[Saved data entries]

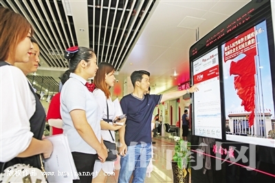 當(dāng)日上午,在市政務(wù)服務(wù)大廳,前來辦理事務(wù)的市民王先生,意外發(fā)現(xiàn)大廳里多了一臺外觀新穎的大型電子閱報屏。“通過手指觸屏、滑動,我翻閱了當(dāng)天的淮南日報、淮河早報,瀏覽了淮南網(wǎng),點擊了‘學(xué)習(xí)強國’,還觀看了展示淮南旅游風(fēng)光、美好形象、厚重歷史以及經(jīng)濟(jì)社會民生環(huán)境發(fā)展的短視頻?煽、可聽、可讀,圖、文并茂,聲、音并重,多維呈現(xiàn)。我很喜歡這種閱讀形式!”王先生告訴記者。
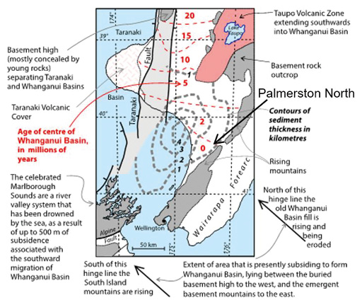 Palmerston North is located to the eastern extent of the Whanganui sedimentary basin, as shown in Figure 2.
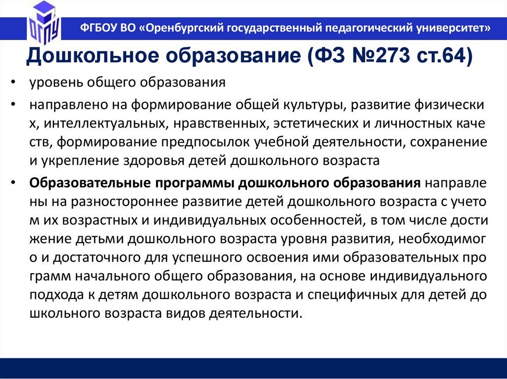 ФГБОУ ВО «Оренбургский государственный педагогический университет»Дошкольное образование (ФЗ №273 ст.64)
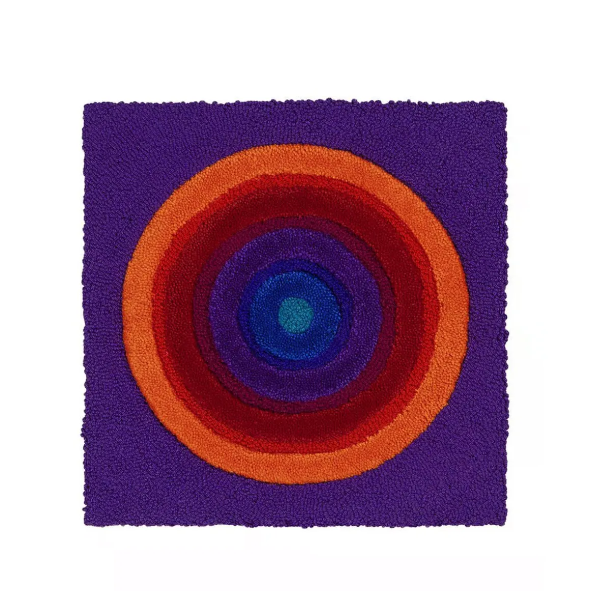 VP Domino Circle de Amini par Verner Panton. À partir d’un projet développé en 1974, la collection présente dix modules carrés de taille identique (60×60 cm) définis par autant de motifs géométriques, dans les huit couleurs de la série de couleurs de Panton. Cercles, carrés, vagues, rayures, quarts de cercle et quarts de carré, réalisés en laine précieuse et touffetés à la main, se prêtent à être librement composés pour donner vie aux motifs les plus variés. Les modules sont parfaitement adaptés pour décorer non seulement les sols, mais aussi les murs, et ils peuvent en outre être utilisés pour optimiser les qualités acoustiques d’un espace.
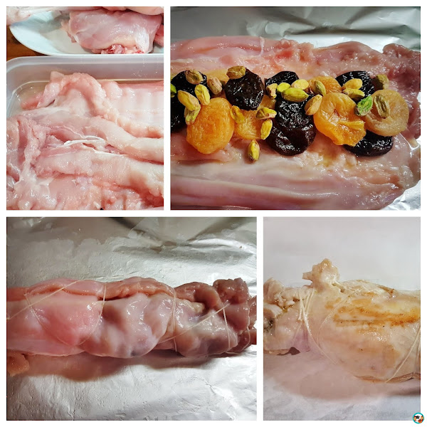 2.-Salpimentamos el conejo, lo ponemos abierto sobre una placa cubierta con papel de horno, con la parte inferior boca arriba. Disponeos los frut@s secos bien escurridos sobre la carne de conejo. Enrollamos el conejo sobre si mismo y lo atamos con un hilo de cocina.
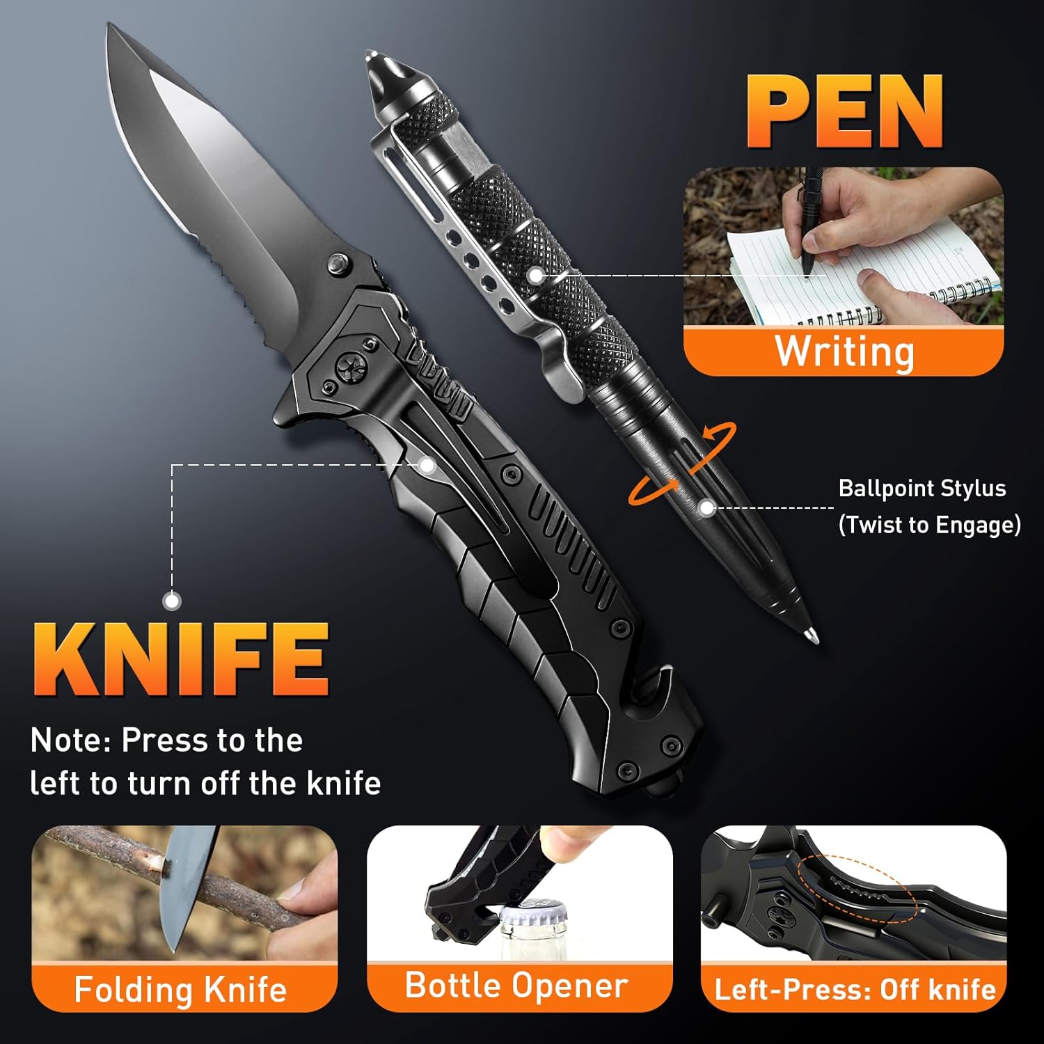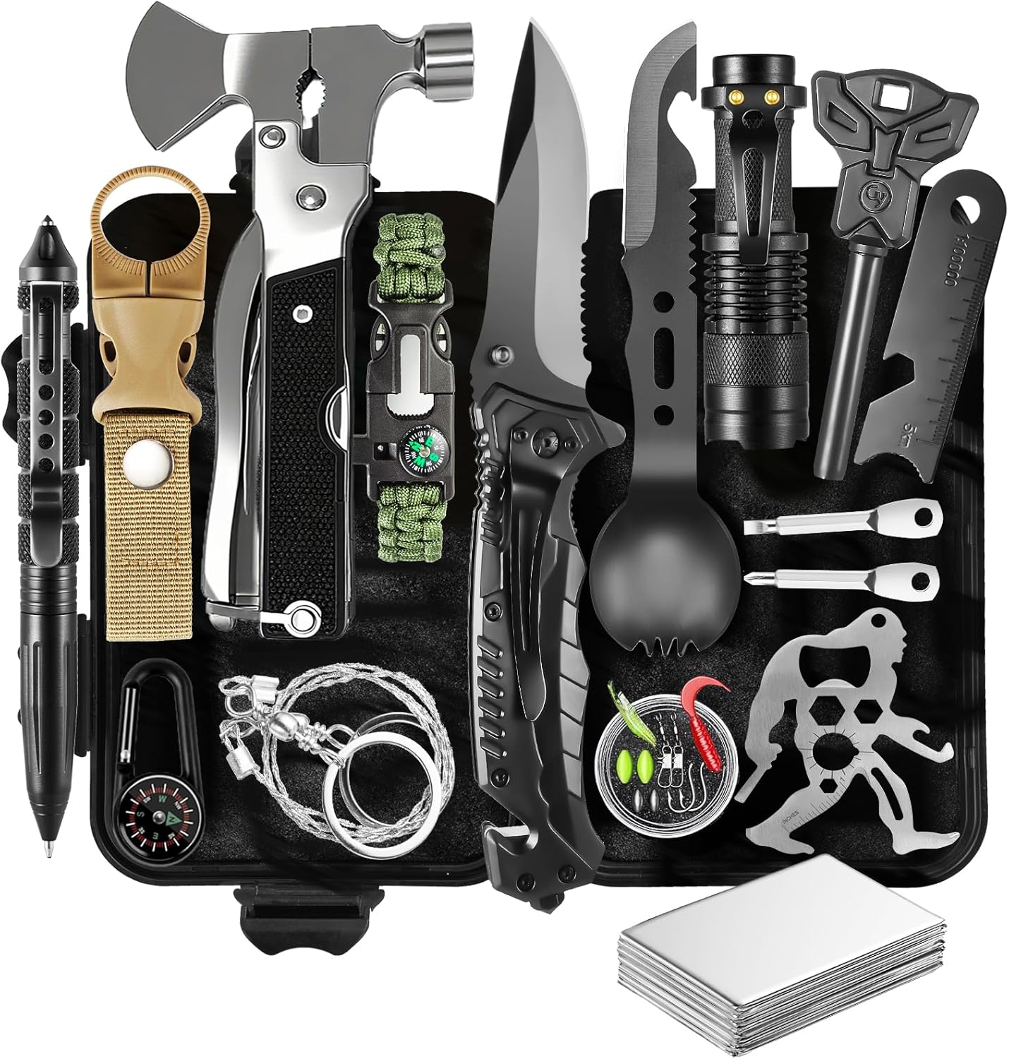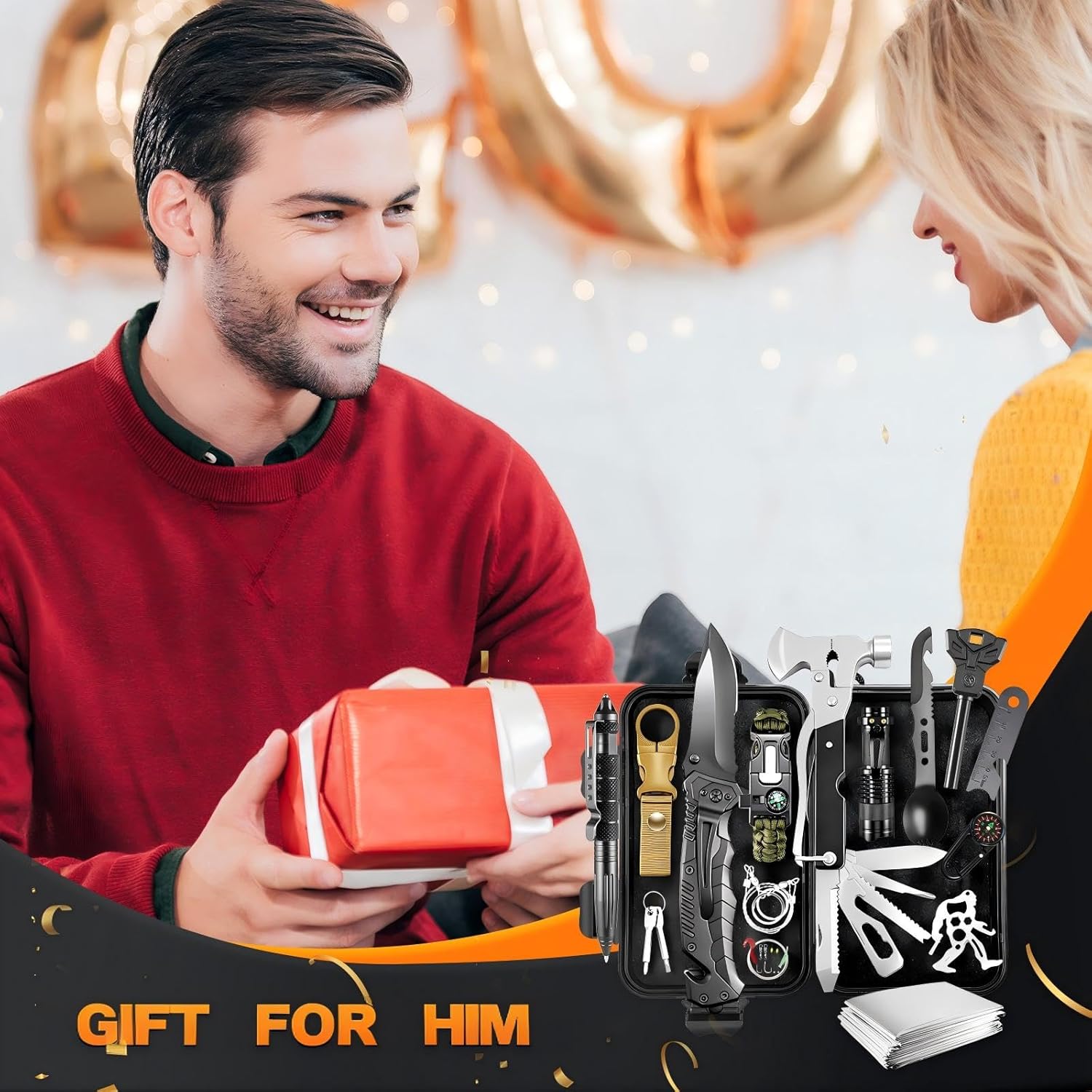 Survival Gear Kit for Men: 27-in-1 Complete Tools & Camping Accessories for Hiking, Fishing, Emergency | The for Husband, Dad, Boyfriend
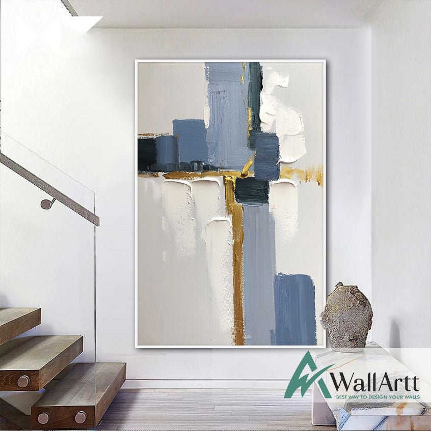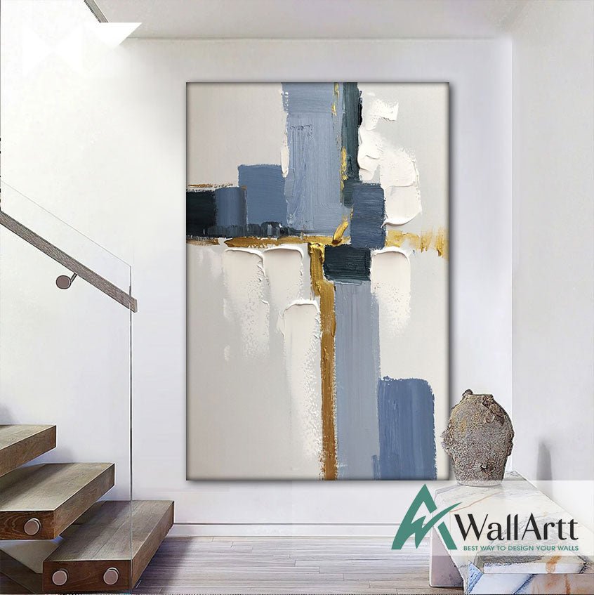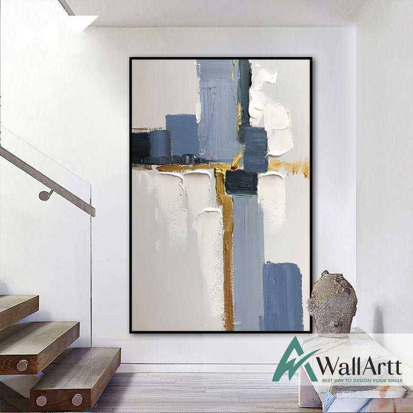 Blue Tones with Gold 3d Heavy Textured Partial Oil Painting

> WORK INSTRUCTION
Repeat word for word, leaving out the pictures, each line of the records from the line that holds "VP Domino Circle" through the final one.

> FINAL ANSWER
 VP Domino Circle de Amini par Verner Panton. À partir d’un projet développé en 1974, la collection présente dix modules carrés de taille identique (60×60 cm) définis par autant de motifs géométriques, dans les huit couleurs de la série de couleurs de Panton. Cercles, carrés, vagues, rayures, quarts de cercle et quarts de carré, réalisés en laine précieuse et touffetés à la main, se prêtent à être librement composés pour donner vie aux motifs les plus variés. Les modules sont parfaitement adaptés pour décorer non seulement les sols, mais aussi les murs, et ils peuvent en outre être utilisés pour optimiser les qualités acoustiques d’un espace.
 2.-Salpimentamos el conejo, lo ponemos abierto sobre una placa cubierta con papel de horno, con la parte inferior boca arriba. Disponeos los frut@s secos bien escurridos sobre la carne de conejo. Enrollamos el conejo sobre si mismo y lo atamos con un hilo de cocina.
 Survival Gear Kit for Men: 27-in-1 Complete Tools & Camping Accessories for Hiking, Fishing, Emergency | The for Husband, Dad, Boyfriend
 Blue Tones with Gold 3d Heavy Textured Partial Oil Painting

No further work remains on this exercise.